Lima, 02 de marzo del 2006

A través de una nueva modificación a su Reglamento Normativo (R. A. N° 031-2006-P/TC, El Peruano, 02/02/06), el Tribunal Constitucional (TC) ha señalado el procedimiento y criterios con los que definirá la procedencia de los procesos constitucionales, a fin de lograr que éstos puedan ser resueltos en el menor tiempo posible.

Tal como señala la resolución mencionada, la evaluación de la procedencia en la sede del TC será como sigue: una de las dos salas (integrada por tres magistrados cada una) calificará la procedencia de las causas que lleguen al Tribunal, y decidirá respecto de en cuáles el TC ha de pronunciarse sobre el fondo. Los criterios, además de los establecidos en el artículo 18 del Código Procesal Constitucional, serán: (i) si el recurso no se refiere a la protección del contenido esencial del derecho fundamental constitucionalmente protegido; (ii) si lo peticionado por el recurso es “manifiestamente infundado por ser fútil o inconsistente”; y (iii) si ya se ha decidido “de manera desestimatoria en casos sustancialmente idénticos, pudiendo acumularse”.

Sin duda, a través de esta disposición, el Tribunal Constitucional está buscando una salida al problema de la elevada carga procesal, la cual se ha visto significativamente incrementada, como consecuencia de la confianza que inspira en la población a partir de su etapa democrática (2002).
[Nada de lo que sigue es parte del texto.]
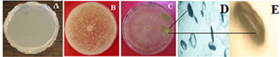 Figure 7. Xylanase enzyme production by Tuber maculatum. (A) Control; (B) Tuber aestivum; (C) Tuber maculatum the plates were flooded with Congo red solution (0.2%) and destained with 1 M NaCl solution. The plate was again incubated at room temperature for 15 minutes to obtain clear zone surrounding the colony, indicating xylanase activity.

Esta decisión es positiva, pues de lo contrario, la carga procesal se tornaría, para el TC, en el factor decisivo de la demora en la tramitación de los procesos constitucionales, afectando a la protección efectiva de los derechos fundamentales de los ciudadanos.

Por ello, a fin de no caer en la situación anteriormente mencionada, es que el Tribunal ha hecho uso de la denominada autonomía procesal constitucional, fundada en el cuidado de primer orden que la Constitución confiere a los derechos de naturaleza fundamental (y que, por ende, hace que la regulación procesal encargada de hacer efectiva ese cuidado, sea la más célere y menos obstruccionista).

Tal autonomía está consagrada por el artículo 201 de nuestra Constitución, y consiste en la facultad del mismo (al ser el encargado de la tutela de los derechos fundamentales) de perfeccionar mediante su actividad interpretativa la protección procesal de los derechos fundamentales. Además de la Constitución, el artículo III del Título Preliminar del Código Procesal Constitucional reconoce dicha autonomía al señalar que “el Juez y el Tribunal Constitucional deben adecuar la exigencia de las formalidades previstas en este Código al logro de los fines de los procesos constitucionales”.